Last month, lawmakers in the General Assembly introduced a bill that would require North Carolina public schools to teach students about the Jewish Holocaust.

Soon after House Bill 69, the “Education on the Holocaust and Genocide” bill was filed, a Durham minister demanded legislators oppose the measure unless mandatory Black history studies were included, too.

Paul Scott, the founder of the Bull City-based Black Messiah Movement, wrote in an email to the INDY that he has “fought for many years to make Black history required learning” in the state’s public schools curriculum.

“People talk about how Black lives matter, but when it comes to Black education, we really don’t matter,” he wrote. 

Scott added that sponsorship of the bill during Black History Month was “a slap in the face.”

“Although Blacks and Jews have been considered allies, there has always been division when it comes to issues such as affirmative action and education,” Scott continued. “It’s almost like our suffering is considered less worthy of attention than other groups. I owe it to my ancestors who perished during the Transatlantic Slave [Trade] to fight to make sure their story is told.”

The bill, also known as the “Gizella Abramson Holocaust Education Act,” pays tribute to the work of the Polish-born Holocaust survivor who moved to Raleigh in 1970 and “taught teachers and students across North Carolina not to hate,” according to her obituary. 

The obituary also noted that Abramson–who was 85 when she died and was the only member of her immediate family to survive Nazi persecution–often said she survived the Holocaust in order to share her experience with young people. She performed slave labor at a concentration camp and was forced into a death march during the final months of the war before she was liberated in May of 1945.

The Holocaust education legislation was first introduced last year and garnered unanimous support. Then, it was part of a $24 billion budget bill that passed in both the House and Senate but was vetoed by Gov. Roy Cooper.

Abramson’s son, Mike Abramson, is the chairman of the N.C. Council on the Holocaust, a state-funded program that offers workshops and sample lessons for teachers through the state’s department of public instruction.

Mike Abramson on Tuesday declined to share his thoughts on Scott’s proposal to amend the bill. 

“The Holocaust and Genocide Education Act is a balance of literature and history that portrays man’s inhumanity to man,” Abramson wrote in an email to the INDY, “the lessons learned when evil conquers good and when good people do nothing in the face of evil.”

Abramson wrote that the study of the Holocaust focuses on how society treats minorities and marginalized groups, including the African American experience.

“Besides teaching about the historical timeline of the Holocaust, educators will be able to discuss how Black soldiers, sailors, and airmen were treated during World War II,” Abramson added.

Abramson noted that in addition to the accomplishments of Blacks in the military during that period, the Holocaust “will teach students how the U.S. Army and Black soldiers liberated transit and concentration camps in western Europe.”

Scott says the suffering enslaved Blacks endured before emancipation was no less horrific and deserves its own study. 

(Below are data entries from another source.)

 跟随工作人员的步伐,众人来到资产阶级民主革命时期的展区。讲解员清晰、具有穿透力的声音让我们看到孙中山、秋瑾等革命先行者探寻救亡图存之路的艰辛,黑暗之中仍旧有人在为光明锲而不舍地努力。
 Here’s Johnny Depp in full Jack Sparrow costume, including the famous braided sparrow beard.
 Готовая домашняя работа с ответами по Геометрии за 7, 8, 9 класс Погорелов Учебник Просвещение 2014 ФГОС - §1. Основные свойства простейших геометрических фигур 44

In a column published last week by NC Policy Watch, Scott wrote that although the Jewish and Black holocausts are very different in their particulars, it is just as important that North Carolina’s children learn the complete story of the African Holocaust–known in Swahili as the “Maafa”–as it is for them to learn of the abuse and murder of Jewish people by the Nazis. 

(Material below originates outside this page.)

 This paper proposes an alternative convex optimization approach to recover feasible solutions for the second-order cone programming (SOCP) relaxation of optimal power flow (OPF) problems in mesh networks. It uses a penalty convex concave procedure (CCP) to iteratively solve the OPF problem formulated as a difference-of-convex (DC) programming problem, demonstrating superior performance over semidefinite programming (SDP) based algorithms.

The two advocates’ thoughts about the need for both histories to be part of the state’s public schools curriculum are not at odds with one another; rather, they serve as an indictment of societal inequities that are reflected in classrooms.

“Most importantly, the lessons of the Holocaust will teach students that societies can break, democracies can fail, ethics can collapse and ordinary men find themselves standing over death pits with guns in their hands,” Abramson told the INDY.

Scott says both histories should be fully and accurately taught in our schools. 

“No group should have a monopoly on holocaust and genocide,” says Scott, who added that people look down on holocaust deniers, “and rightly so, but people deny and look down on the Black Holocaust every day.”

“People like to champion Martin Luther King, Jr.,” Scott said, “but I think Martin Luther King, Jr. would have wanted to integrate the Holocaust and Genocide bill.”